- **Data provided**
*** Begin section ***
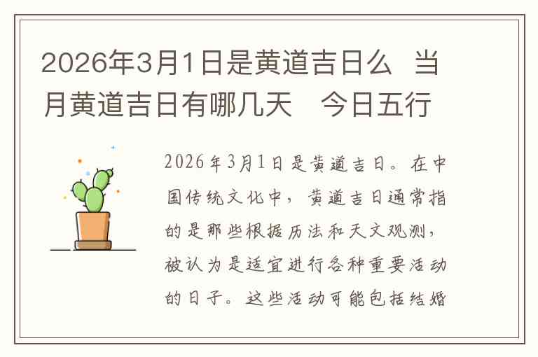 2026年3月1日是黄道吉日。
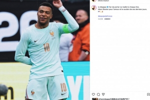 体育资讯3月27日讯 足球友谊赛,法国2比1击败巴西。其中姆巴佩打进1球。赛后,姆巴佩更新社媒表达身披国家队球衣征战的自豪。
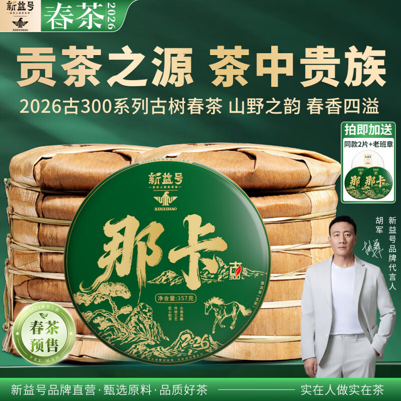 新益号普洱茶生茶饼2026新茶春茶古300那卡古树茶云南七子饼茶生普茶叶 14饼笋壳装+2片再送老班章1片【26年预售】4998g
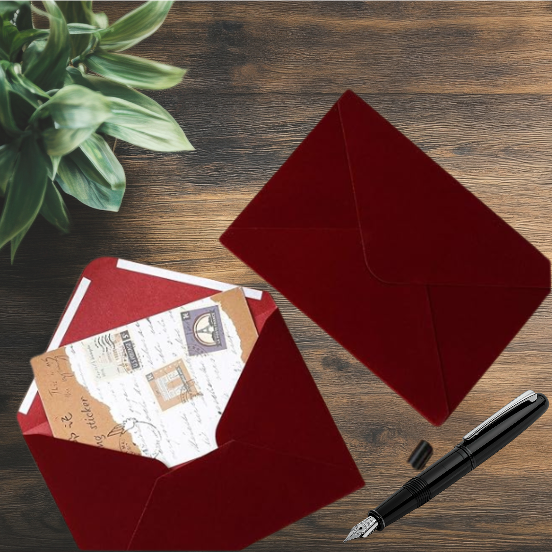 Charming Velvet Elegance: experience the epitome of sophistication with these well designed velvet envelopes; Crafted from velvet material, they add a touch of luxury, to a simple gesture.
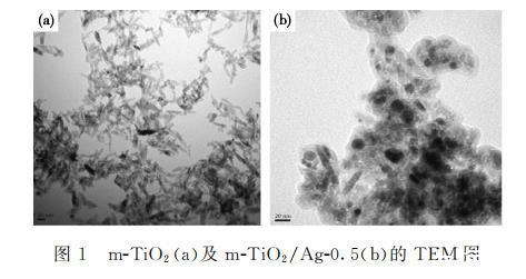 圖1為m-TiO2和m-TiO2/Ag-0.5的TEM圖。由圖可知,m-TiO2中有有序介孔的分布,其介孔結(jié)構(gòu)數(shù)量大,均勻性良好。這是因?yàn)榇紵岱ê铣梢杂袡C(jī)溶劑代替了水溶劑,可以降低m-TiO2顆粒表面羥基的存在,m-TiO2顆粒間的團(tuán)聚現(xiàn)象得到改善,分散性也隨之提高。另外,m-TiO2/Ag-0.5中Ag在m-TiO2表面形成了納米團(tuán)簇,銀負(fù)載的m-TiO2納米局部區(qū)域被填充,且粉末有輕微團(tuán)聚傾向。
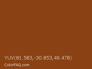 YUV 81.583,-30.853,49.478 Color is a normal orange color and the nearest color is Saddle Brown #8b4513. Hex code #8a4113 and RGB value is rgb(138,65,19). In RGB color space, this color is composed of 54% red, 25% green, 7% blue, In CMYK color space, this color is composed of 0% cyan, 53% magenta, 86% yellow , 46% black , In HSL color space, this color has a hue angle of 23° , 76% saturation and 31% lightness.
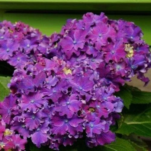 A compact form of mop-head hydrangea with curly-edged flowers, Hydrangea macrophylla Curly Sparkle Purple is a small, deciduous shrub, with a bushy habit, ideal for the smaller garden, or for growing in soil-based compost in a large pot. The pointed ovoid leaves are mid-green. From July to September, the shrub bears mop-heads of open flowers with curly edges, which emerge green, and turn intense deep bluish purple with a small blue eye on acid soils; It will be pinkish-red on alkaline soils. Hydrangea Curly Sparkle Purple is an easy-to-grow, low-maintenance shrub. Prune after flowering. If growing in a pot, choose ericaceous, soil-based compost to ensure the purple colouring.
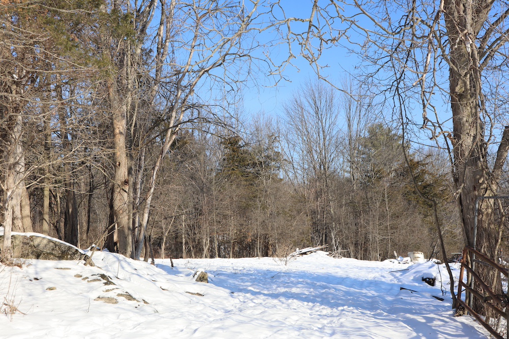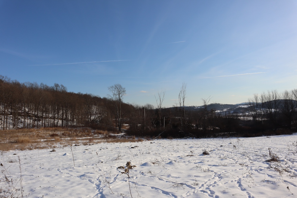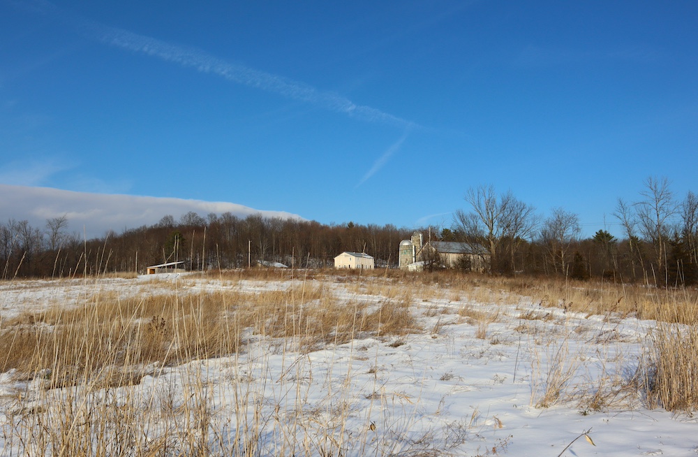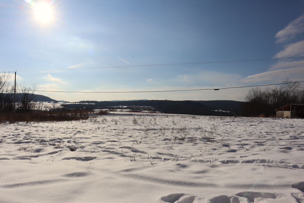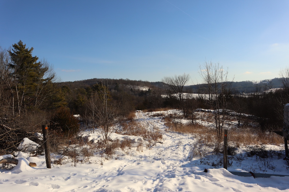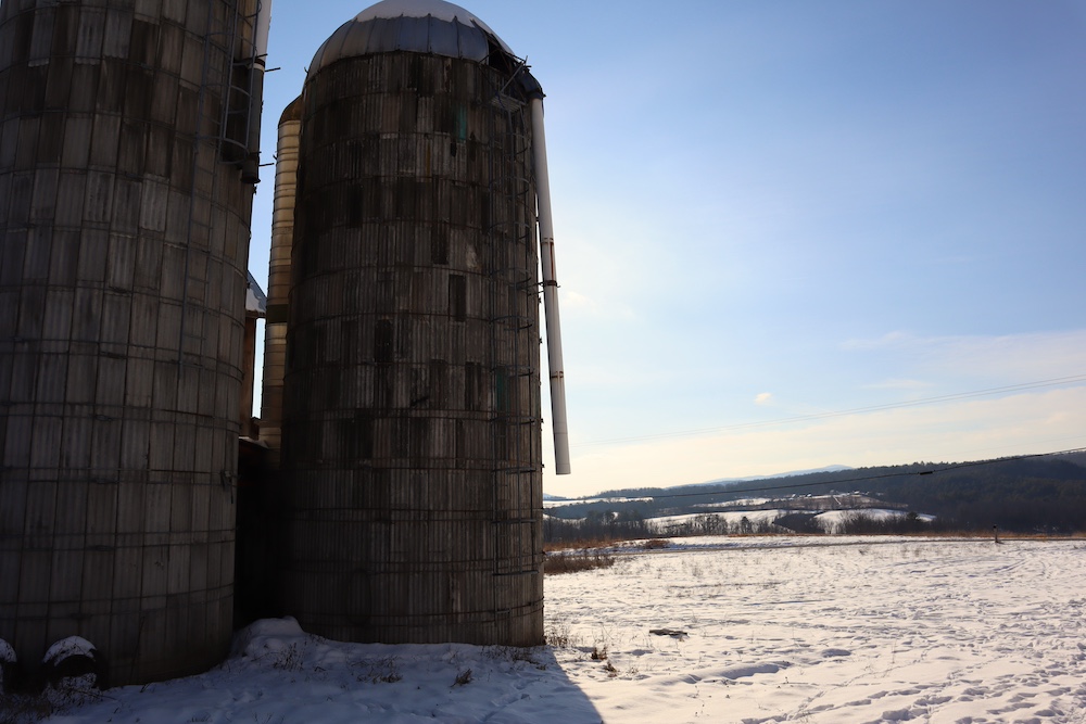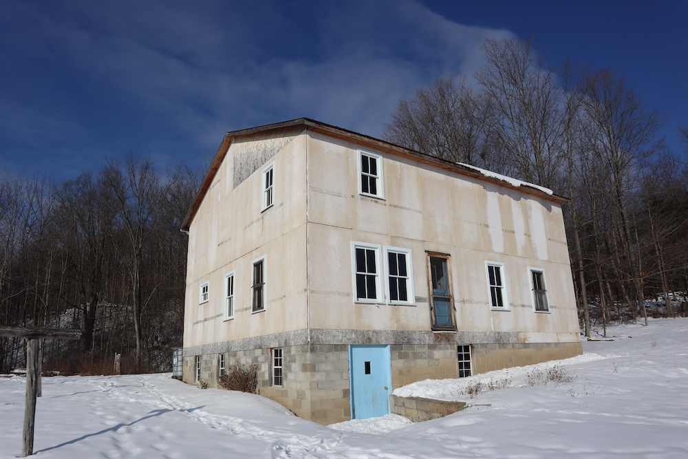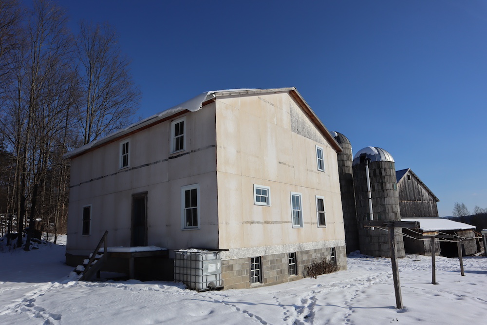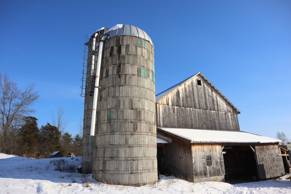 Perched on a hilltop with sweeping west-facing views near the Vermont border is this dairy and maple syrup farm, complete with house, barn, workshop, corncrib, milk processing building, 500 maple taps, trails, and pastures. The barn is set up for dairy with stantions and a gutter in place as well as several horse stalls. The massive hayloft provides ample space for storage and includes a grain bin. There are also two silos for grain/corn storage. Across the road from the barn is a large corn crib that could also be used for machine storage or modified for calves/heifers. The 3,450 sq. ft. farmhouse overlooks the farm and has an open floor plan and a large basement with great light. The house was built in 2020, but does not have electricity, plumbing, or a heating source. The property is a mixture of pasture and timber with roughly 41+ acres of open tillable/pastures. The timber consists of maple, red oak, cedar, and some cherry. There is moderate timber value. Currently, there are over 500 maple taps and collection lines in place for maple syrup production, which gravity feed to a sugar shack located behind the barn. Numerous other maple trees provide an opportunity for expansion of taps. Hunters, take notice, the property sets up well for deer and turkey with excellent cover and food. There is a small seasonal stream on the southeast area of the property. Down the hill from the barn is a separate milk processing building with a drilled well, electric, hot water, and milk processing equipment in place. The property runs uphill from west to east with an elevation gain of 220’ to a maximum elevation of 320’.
*** End section ***
*** Begin section ***
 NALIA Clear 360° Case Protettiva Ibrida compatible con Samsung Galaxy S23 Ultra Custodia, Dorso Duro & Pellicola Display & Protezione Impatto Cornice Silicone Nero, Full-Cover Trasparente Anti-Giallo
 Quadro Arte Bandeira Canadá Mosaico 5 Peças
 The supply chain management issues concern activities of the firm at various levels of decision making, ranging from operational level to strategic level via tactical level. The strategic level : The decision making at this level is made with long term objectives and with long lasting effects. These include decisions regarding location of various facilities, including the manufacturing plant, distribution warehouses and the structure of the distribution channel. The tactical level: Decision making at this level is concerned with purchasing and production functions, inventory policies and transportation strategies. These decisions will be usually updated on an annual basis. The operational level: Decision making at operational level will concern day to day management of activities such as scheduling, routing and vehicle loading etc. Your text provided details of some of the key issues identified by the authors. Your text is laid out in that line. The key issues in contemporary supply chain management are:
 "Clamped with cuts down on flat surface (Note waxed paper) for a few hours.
*** End section ***
- **Task statement**
Return only the stretch above from the line containing "2026年3月1日是黄道吉日。" through the line containing "YUV 81.583,-30.853,49.478 Color", word for word and without pictures.

- **Your solution**
 2026年3月1日是黄道吉日。
 体育资讯3月27日讯 足球友谊赛,法国2比1击败巴西。其中姆巴佩打进1球。赛后,姆巴佩更新社媒表达身披国家队球衣征战的自豪。
 新益号普洱茶生茶饼2026新茶春茶古300那卡古树茶云南七子饼茶生普茶叶 14饼笋壳装+2片再送老班章1片【26年预售】4998g
 Charming Velvet Elegance: experience the epitome of sophistication with these well designed velvet envelopes; Crafted from velvet material, they add a touch of luxury, to a simple gesture.
 圖1為m-TiO2和m-TiO2/Ag-0.5的TEM圖。由圖可知,m-TiO2中有有序介孔的分布,其介孔結(jié)構(gòu)數(shù)量大,均勻性良好。這是因?yàn)榇紵岱ê铣梢杂袡C(jī)溶劑代替了水溶劑,可以降低m-TiO2顆粒表面羥基的存在,m-TiO2顆粒間的團(tuán)聚現(xiàn)象得到改善,分散性也隨之提高。另外,m-TiO2/Ag-0.5中Ag在m-TiO2表面形成了納米團(tuán)簇,銀負(fù)載的m-TiO2納米局部區(qū)域被填充,且粉末有輕微團(tuán)聚傾向。
 YUV 81.583,-30.853,49.478 Color is a normal orange color and the nearest color is Saddle Brown #8b4513. Hex code #8a4113 and RGB value is rgb(138,65,19). In RGB color space, this color is composed of 54% red, 25% green, 7% blue, In CMYK color space, this color is composed of 0% cyan, 53% magenta, 86% yellow , 46% black , In HSL color space, this color has a hue angle of 23° , 76% saturation and 31% lightness.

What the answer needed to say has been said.